Agents can also remember across runs. Memory is plain markdown: each run appends a timestamped entry to a file sitting next to the config. No database, no schema migration. If something looks wrong, you open the file and edit it.
What it's not
Not a framework. Not a platform. Not a chat window. Not a SaaS dashboard with an "Agents" tab and a usage graph you'll check twice before forgetting it exists.
Axe aims for minimal dependencies. It's a single binary, no daemon running in the background, no runtime to install. It just runs wherever you drop it. Licensed as Apache 2.0 and free forever, pull requests welcome.
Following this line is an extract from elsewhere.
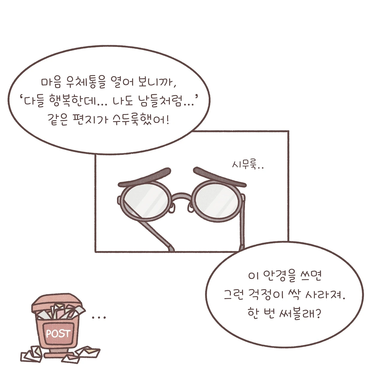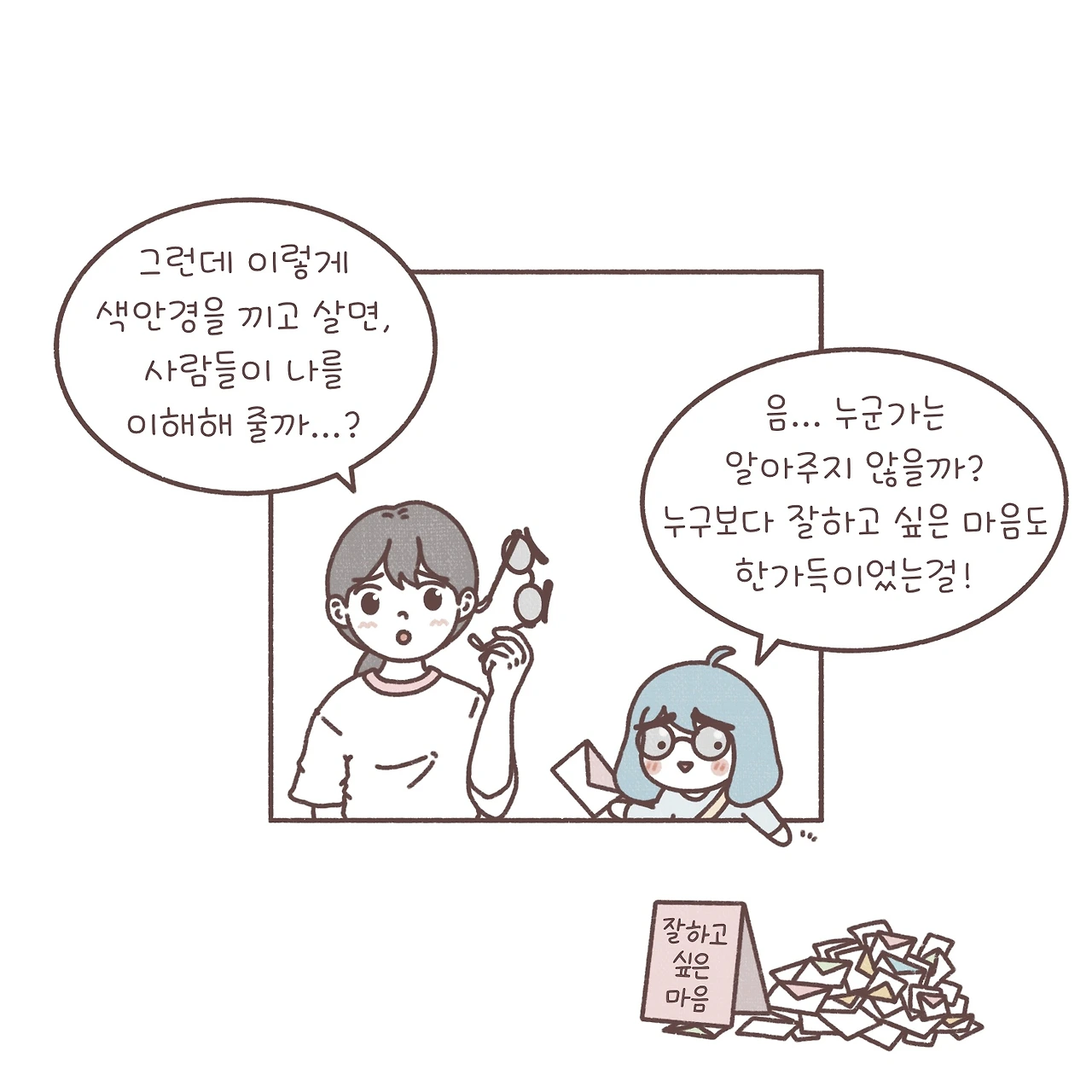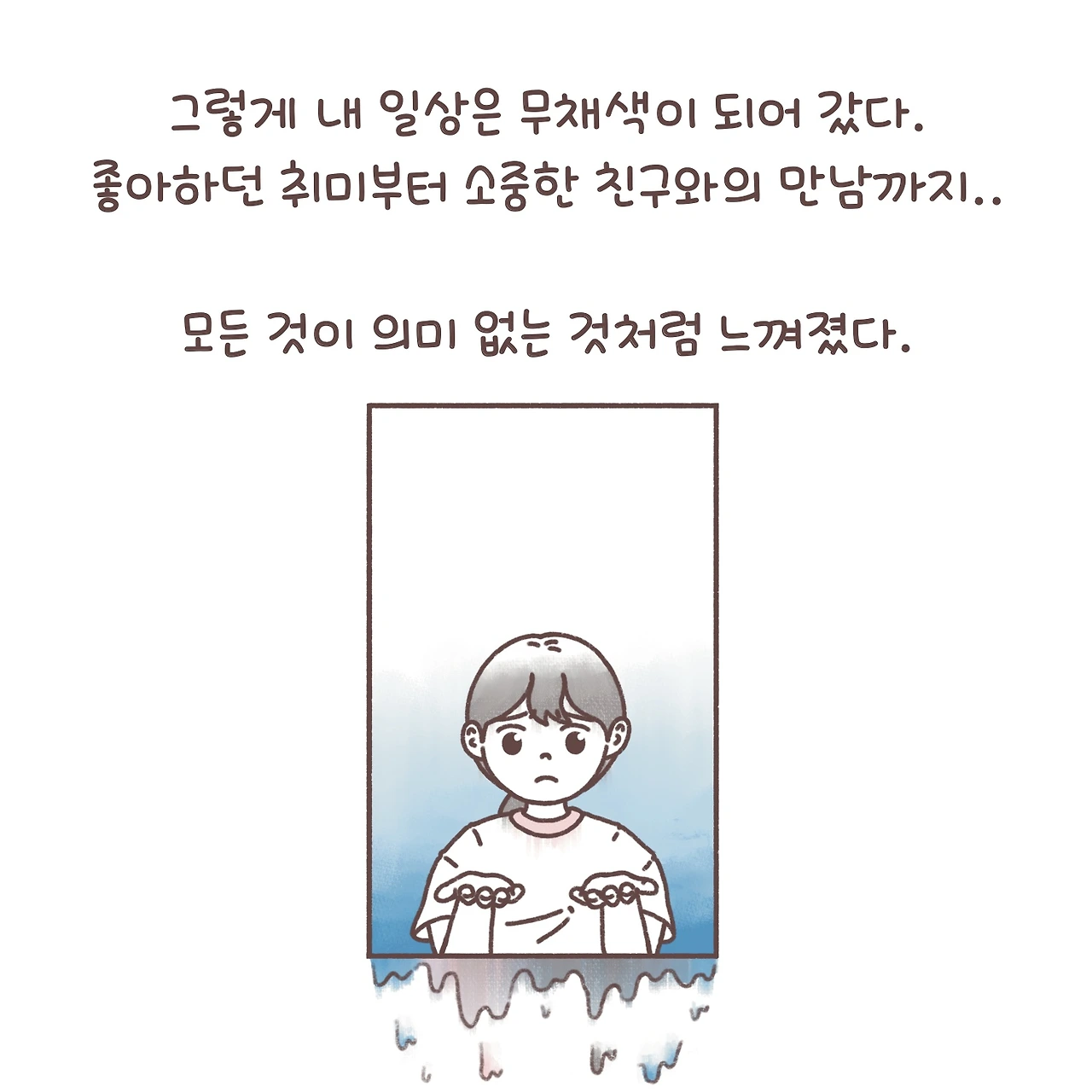 문제는 이 방어막이 마음에 너무 오래 머물러 일상의 색을 모조리 빼앗아 갈 때입니다. 혹시 좋아했던 음식도, 친구와의 만남도, 주말에 떠나던 여행도, 즐겨 듣던 음악도 점점 멀어지고 있지는 않나요? 어느새 소중했던 것들을 뒤로한 채 빛바랜 하루를 버티듯 살아가고 있다면, 이는 일시적 기분 변화가 아닌 치료가 필요한 신호일 수 있습니다. 오늘은 좋아하는 음악을 틀어놓고 파란 하늘을 올려다보는 건 어떨까요? 마음에 씌워진 시무룩 안경을 벗고, 다시금 소중한 것들에 색을 입혀 갈 당신의 내일을 응원하겠습니다.

Axe is the executor, not the scheduler. Use cron, git hooks, entr, fswatch, whatever you already have. Axe doesn't want to own your workflow. It wants to run one agent, cleanly, and get out of the way.
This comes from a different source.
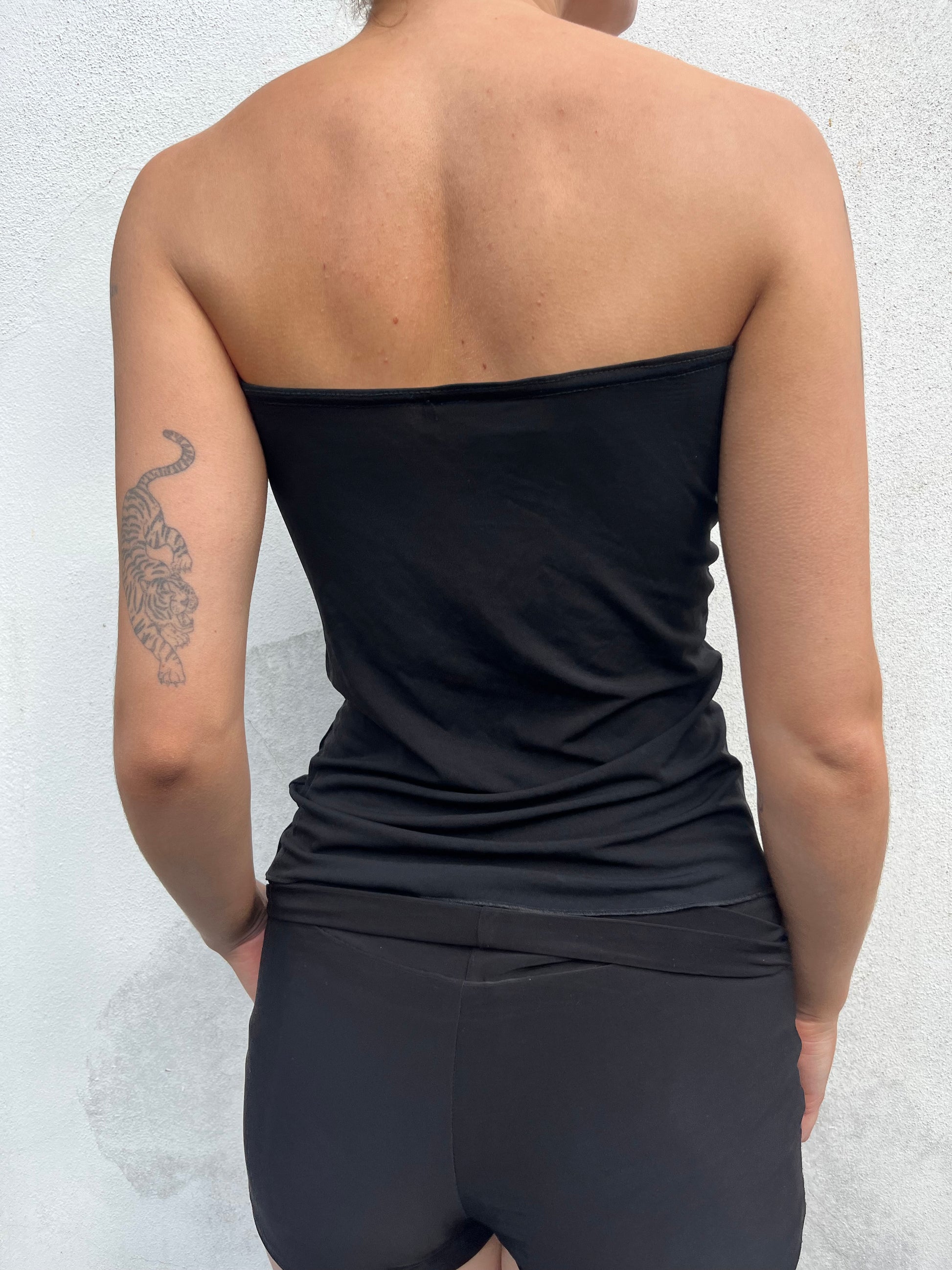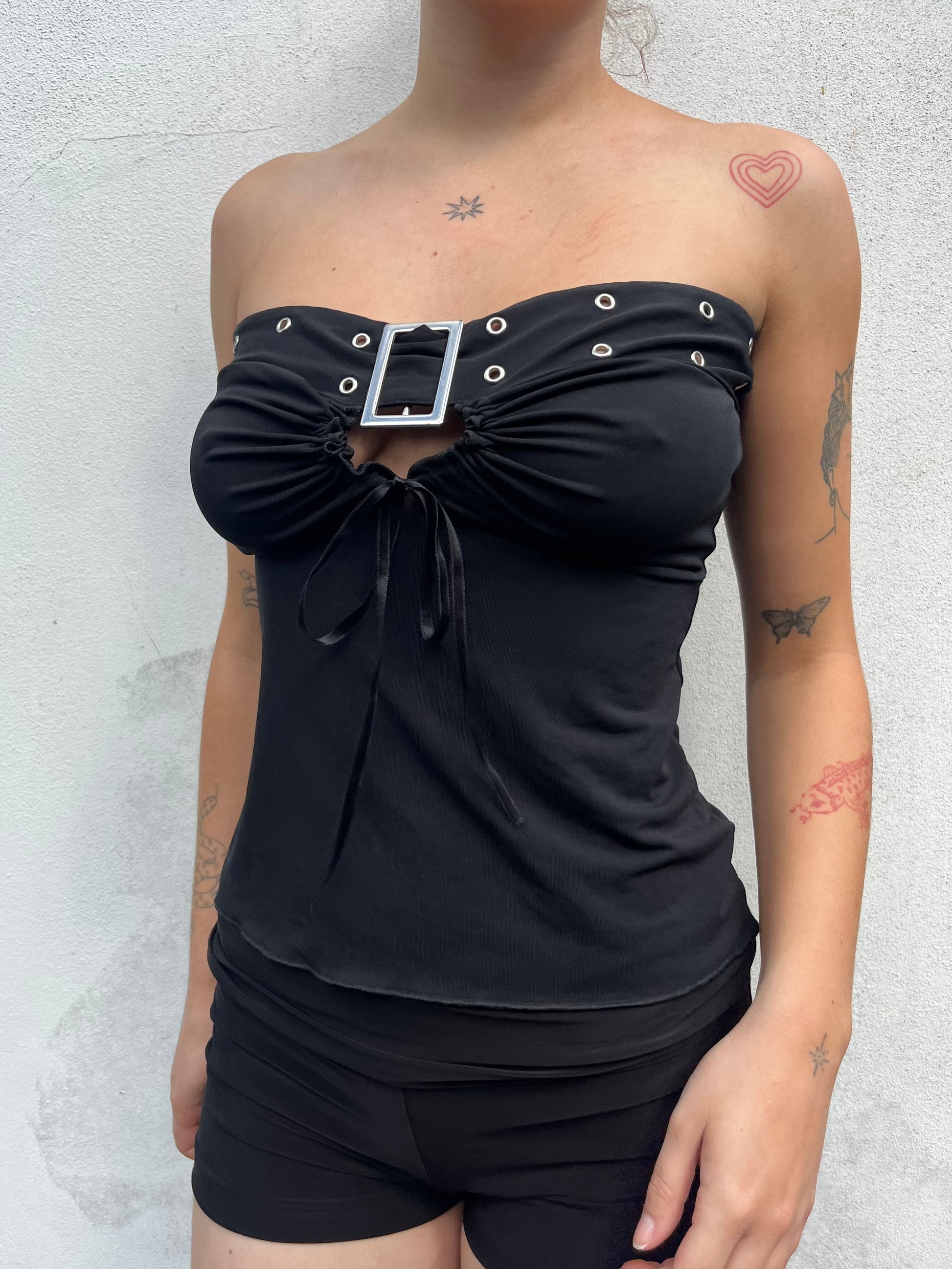 Black tube top with eyelet buckle and keyhole detail.

If you want agents to feel like infrastructure instead of products you have to babysit, that's what this is for.
The repo is at github.com/jrswab/axe.
Go try it. Build something weird with it like a commit message writer, a nightly changelog summarizer, whatever you keep doing manually.
If it saves you from being the scheduler, the context manager, and the output parser all at once. That's the whole point.
Top comments (25)
the "new job I didn't apply for" framing is exactly right. I run 10+ agents daily and the biggest shift was accepting that your job becomes context architecture rather than task execution. the Unix pipe analogy is sharp - agents that behave like well-behaved CLI tools are way easier to orchestrate than chat-based ones. fire-and-forget only works when you trust the output contract
This is a solid and inspiring solution @jrswab. I've been solving a similar problem from the other side: instead of a standalone runner, I use Claude Code's hook system (PreCompact, PostToolUse, SessionStart) to embed automation directly into the coding session. Auto-formatting on edit, WIP state persistence before context compaction, checkpoint restore on new sessions.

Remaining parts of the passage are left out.